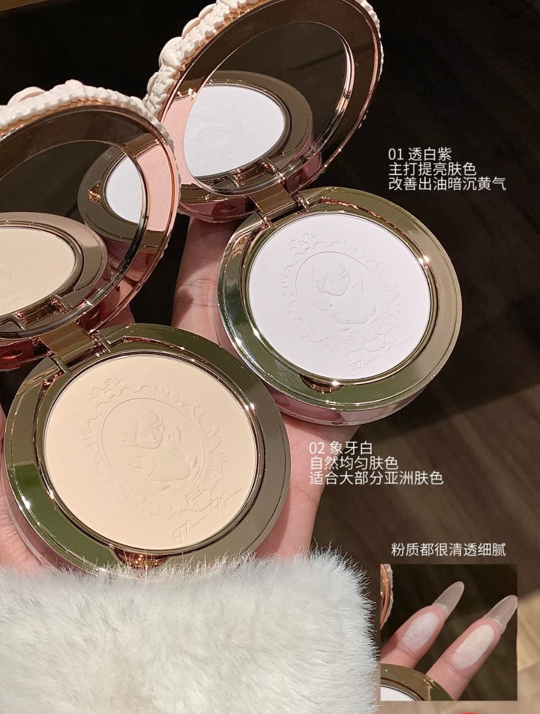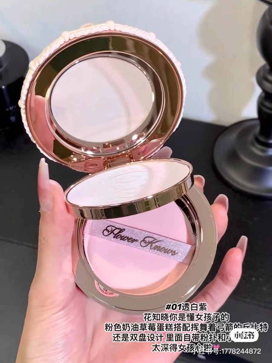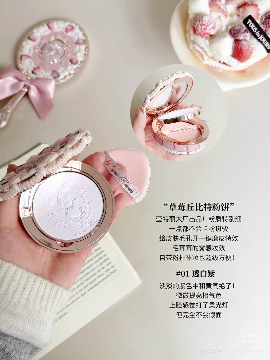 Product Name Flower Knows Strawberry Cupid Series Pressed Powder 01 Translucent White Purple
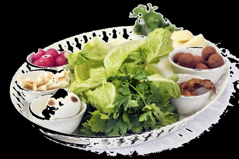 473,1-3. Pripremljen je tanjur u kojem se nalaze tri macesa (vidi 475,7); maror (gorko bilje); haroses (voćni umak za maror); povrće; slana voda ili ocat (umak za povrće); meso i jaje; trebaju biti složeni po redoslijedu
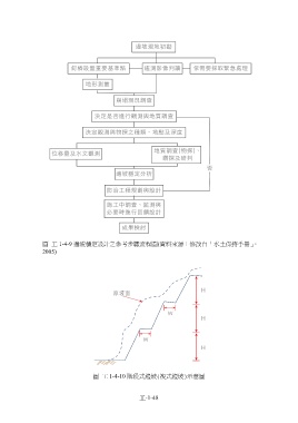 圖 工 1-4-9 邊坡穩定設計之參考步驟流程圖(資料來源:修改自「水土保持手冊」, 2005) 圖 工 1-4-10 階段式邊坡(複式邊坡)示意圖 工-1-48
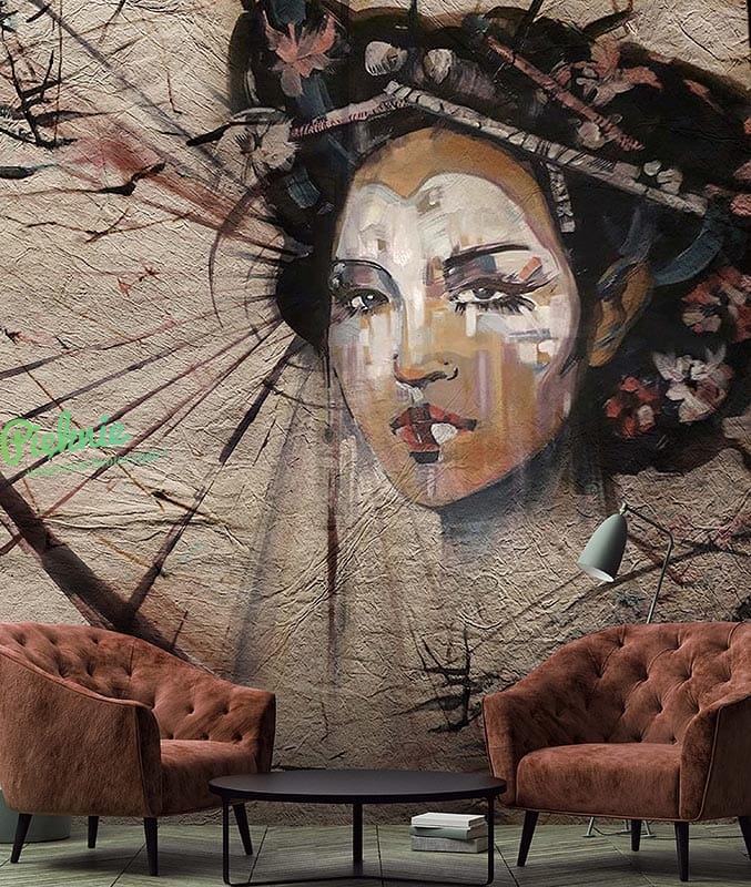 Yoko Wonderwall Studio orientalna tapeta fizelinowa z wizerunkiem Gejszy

...

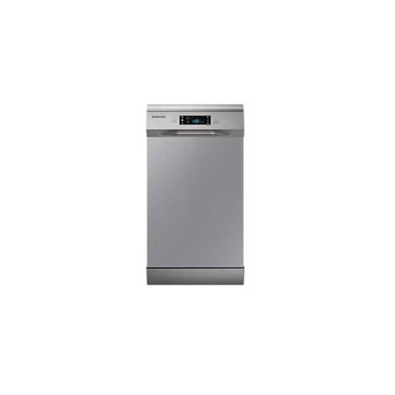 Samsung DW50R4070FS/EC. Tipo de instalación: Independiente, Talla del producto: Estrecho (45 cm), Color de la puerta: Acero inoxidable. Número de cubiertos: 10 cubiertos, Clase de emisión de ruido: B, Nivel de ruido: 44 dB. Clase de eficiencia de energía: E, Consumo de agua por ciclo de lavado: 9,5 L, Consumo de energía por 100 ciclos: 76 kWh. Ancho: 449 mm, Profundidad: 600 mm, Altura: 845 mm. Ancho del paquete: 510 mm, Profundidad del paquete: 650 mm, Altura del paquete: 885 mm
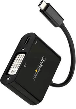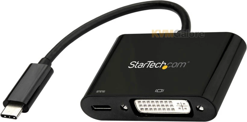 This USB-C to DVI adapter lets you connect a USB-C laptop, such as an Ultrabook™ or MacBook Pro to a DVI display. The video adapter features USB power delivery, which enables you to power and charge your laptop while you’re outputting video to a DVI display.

> [What the task requires]
Go to the line above holding "Product Name Flower", then copy exactly each line down to and including the one holding "圖 工 1-4-9 邊坡穩定設計之參考步驟流程圖(資料來源:修改自「水土保持手冊」, 2005)", leaving pictures out.

> [Answer for the task]
 Product Name Flower Knows Strawberry Cupid Series Pressed Powder 01 Translucent White Purple
 473,1-3. Pripremljen je tanjur u kojem se nalaze tri macesa (vidi 475,7); maror (gorko bilje); haroses (voćni umak za maror); povrće; slana voda ili ocat (umak za povrće); meso i jaje; trebaju biti složeni po redoslijedu
 圖 工 1-4-9 邊坡穩定設計之參考步驟流程圖(資料來源:修改自「水土保持手冊」, 2005) 圖 工 1-4-10 階段式邊坡(複式邊坡)示意圖 工-1-48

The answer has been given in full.